TASK TO COMPLETE:
An exact transcription is needed of the lines below from the one with "オーク素材と木脚の組み合わせ" through the one with "1. Walleye was", with no other lines and no pictures.

EXERCISE DATA:
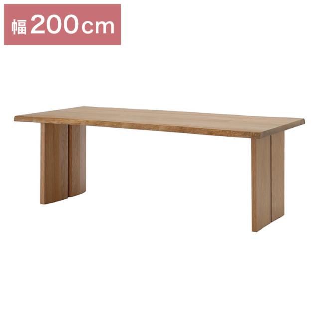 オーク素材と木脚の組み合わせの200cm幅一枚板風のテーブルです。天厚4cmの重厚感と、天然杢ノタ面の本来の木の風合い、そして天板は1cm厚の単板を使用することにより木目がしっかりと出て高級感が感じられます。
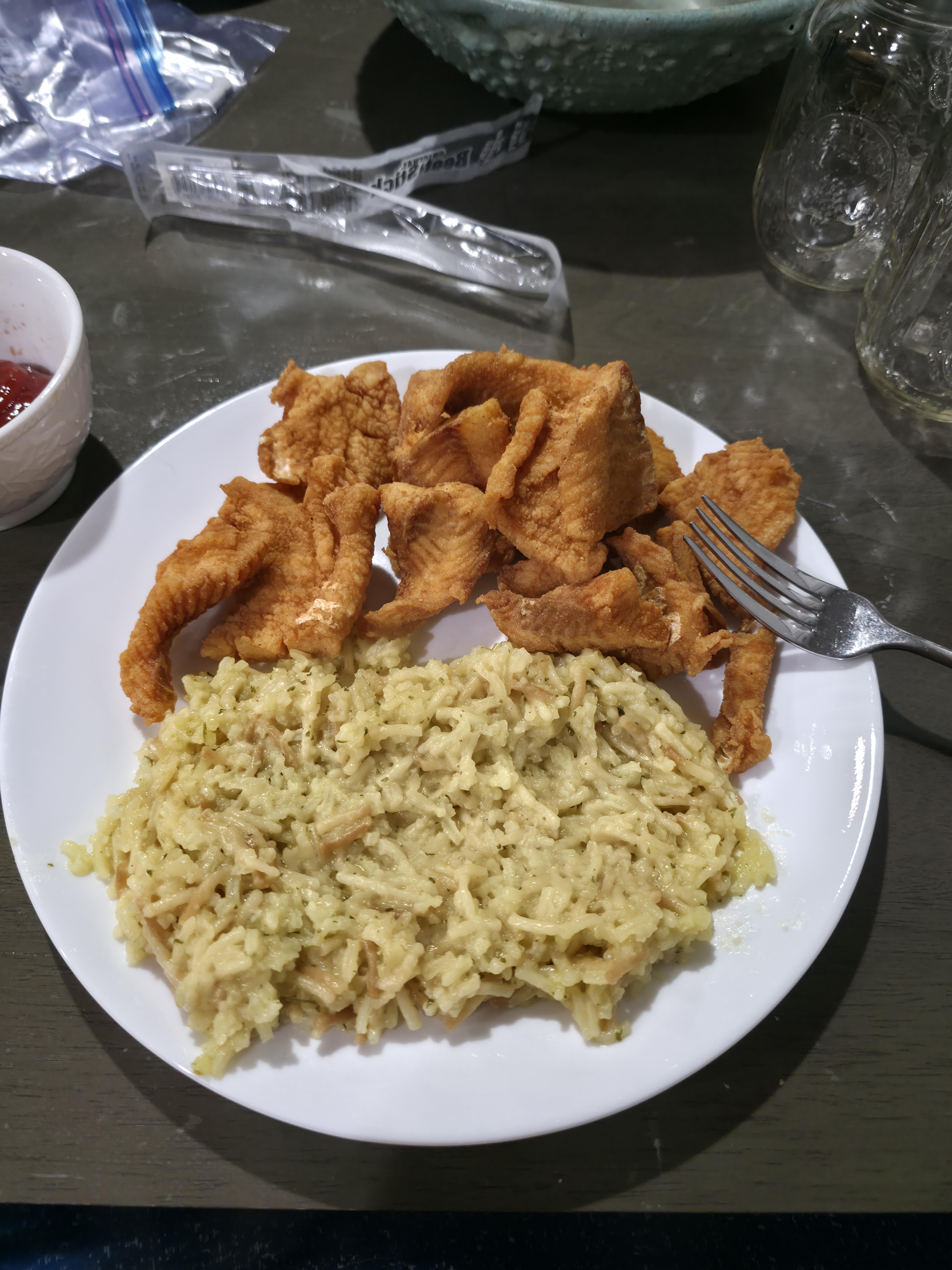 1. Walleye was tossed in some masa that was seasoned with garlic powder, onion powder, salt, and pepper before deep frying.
---
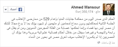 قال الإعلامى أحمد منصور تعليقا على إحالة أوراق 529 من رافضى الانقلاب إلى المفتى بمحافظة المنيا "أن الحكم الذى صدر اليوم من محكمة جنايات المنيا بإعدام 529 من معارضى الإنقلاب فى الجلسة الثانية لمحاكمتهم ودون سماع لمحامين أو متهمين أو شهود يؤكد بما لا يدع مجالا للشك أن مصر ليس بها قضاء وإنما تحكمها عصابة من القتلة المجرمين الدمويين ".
--
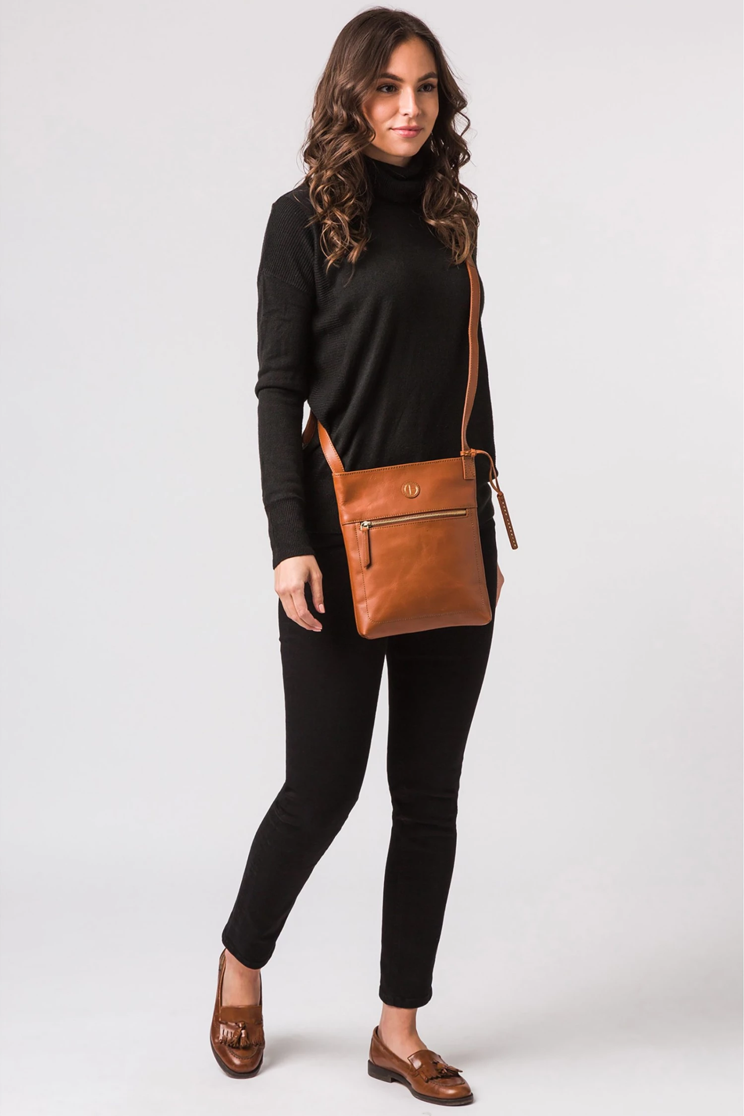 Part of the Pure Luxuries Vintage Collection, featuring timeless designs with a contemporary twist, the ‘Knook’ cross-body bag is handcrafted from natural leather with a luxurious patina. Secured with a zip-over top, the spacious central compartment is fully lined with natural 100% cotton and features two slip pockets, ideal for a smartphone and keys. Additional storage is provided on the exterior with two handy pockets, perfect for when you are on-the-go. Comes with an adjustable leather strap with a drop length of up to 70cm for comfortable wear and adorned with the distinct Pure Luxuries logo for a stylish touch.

TASK SOLUTION:
 オーク素材と木脚の組み合わせの200cm幅一枚板風のテーブルです。天厚4cmの重厚感と、天然杢ノタ面の本来の木の風合い、そして天板は1cm厚の単板を使用することにより木目がしっかりと出て高級感が感じられます。
 1. Walleye was tossed in some masa that was seasoned with garlic powder, onion powder, salt, and pepper before deep frying.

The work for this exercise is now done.